2.2. Immunofluorescence Staining

After the isolated fibroblast-like cells climbed and spread to the carry sheet glass, they were fixed by 2% paraformaldehyde for 15 min, and the coverslips were blocked by rabbit serum (Sigma) for 1 h, followed by incubation with anti-Vimentin (1:50, Abcam, Cambridge, MA, USA) antibody for 1 h. After washing with 0.01% saponin in PBS 3 times for 15 min each, the coverslips were incubated with secondary antibody conjugated with fluorescein (FITC, Jackson Immuno Research, West Grove, PA, USA) for another hour. The slips were then washed and DAPI solution was used for nuclear stain. The coverslips were further washed with 0.01% saponin in PBS, three times, 15 min each, and PBS twice, 10 min each. Then, the coverslips were mounted in an appropriate anti-fade mounting medium. Fluorescence was observed using an Olympus biological fluorescence microscope (IX2-ILL100, Olympus, Tokyo, Japan).

2.3. Cell Proliferation Assay

Cell proliferation was measured by the water-soluble tetrazole-1 (WST-1) assay. The cells, treated with 10 µg/mL recombinant C-reactive protein (CRP) (ab111647, Abcam, Cambridge, MA, USA) and the same volume of Tris-HCl (pH 8.0, containing 20% glycerol, 12.01% urea, 67% Tris-HCl buffer), were plated in 96-well culture plates (1 × 103 per well); WST-1 (Roche, Indianapolis, IN, USA) assay measuring the activity of mitochondrial dehydrogenases was performed following the manufacturer’s instructions at 0-, 1-, 2-, 3-, 4- and 5-day time points.

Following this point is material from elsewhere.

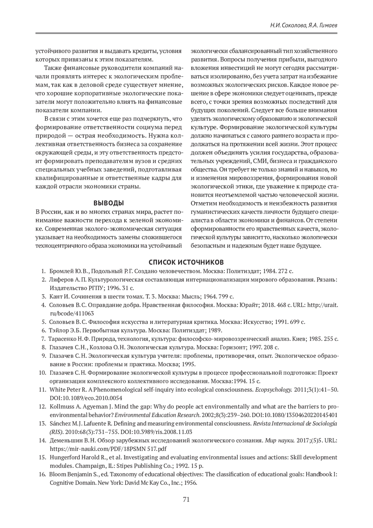 10. Глазачев С. Н. Формирование экологической культуры в процессе профессиональной подготовки: Проект организации комплексного коллективного исследования. Москва:1994. 15 с.

2.4. In Vitro Invasion Assay

For the in vitro invasion assay, similar experiments were performed using inserts coated with a matrigel basement membrane matrix (BD biosciences, Franklin Lakes, NJ, USA). DMEM/F12 containing 15% FBS as a chemoattractant was placed in the lower wells. 200 μL of the synoviocyte suspension containing niclosamide was added to the upper compartments. The chambers were incubated at 37 °C under 5% CO2 for 16 h. After incubation, the non-migrating cells were removed from the upper surface of the filter using a cotton swab. The filters were fixed in methanol for 15 min and stained with 0.1% crystal violet for 15 min. Migration was quantitated by counting the stained cells that migrated to the bottom side of the membrane using an optical microscope (100× magnification). All experiments were replicated at least three times with duplicates of each sample.

2.5. Flow Cytometry Assay

For the cell-cycle assay, RA–FLS1 and RA-FLS2 cells, treated with or without celastrol, were digested with 2 mM EDTA in PBS and rinsed twice with ice-cold PBS solution, then fixed by adding them dropwise into 75% ice-cold ethanol, followed by incubation in ice for 60 min. The fixed cells were washed with ice-cold PBS and incubated at 37 °C for 30 min in 0.5 mL PBS solution containing 20 mg/mL RNase A, 0.2% Triton X-100, 0.2 mM EDTA and 20 mg/mL of propidium iodide (PI). DNA content was determined by fluorescence-activated cell sorting (FACS) analysis (Becton Dickinson, Franklin Lakes, NJ, USA). The percentage of cells in G0/G1 phases was determined using Flowjo software (Tree Star, Inc., Ashland, OR, USA). For apoptosis assessment by serum withdrawal, cells were washed twice with PBS and then starved by exposure to 1 mL of serum-free culture medium for 48 h. At the end of incubation, the cells were treated as above for detection by flow cytometry.

2.6. DNA Microarray

After washing the RA–FLSs with 50 mM potassium phosphate buffer (pH 7.4), the total RNA of each sample was extracted by the RNeasy Mini Kit (Qiagen, Valencia, CA, USA). The procedure for the extraction of the total RNA was according to the manufacturer’s instructions. The quality of the extracted RNA was determined with Bioanalyzer 2100 (Agilent Technologies, Santa Clara, CA, USA). GeneChip® arrays (Affymetrix) were used as the DNA microarrays. DNA microarray analysis was performed with Bio Matrix Research. Statistical analysis after data acquisition and normalization of expression data was performed using GeneSpring (Agilent Technologies, Santa Clara, CA, USA). For the pathway- or function-based category classification, the Munich Information Center for Protein Sequence (MIPS) was used.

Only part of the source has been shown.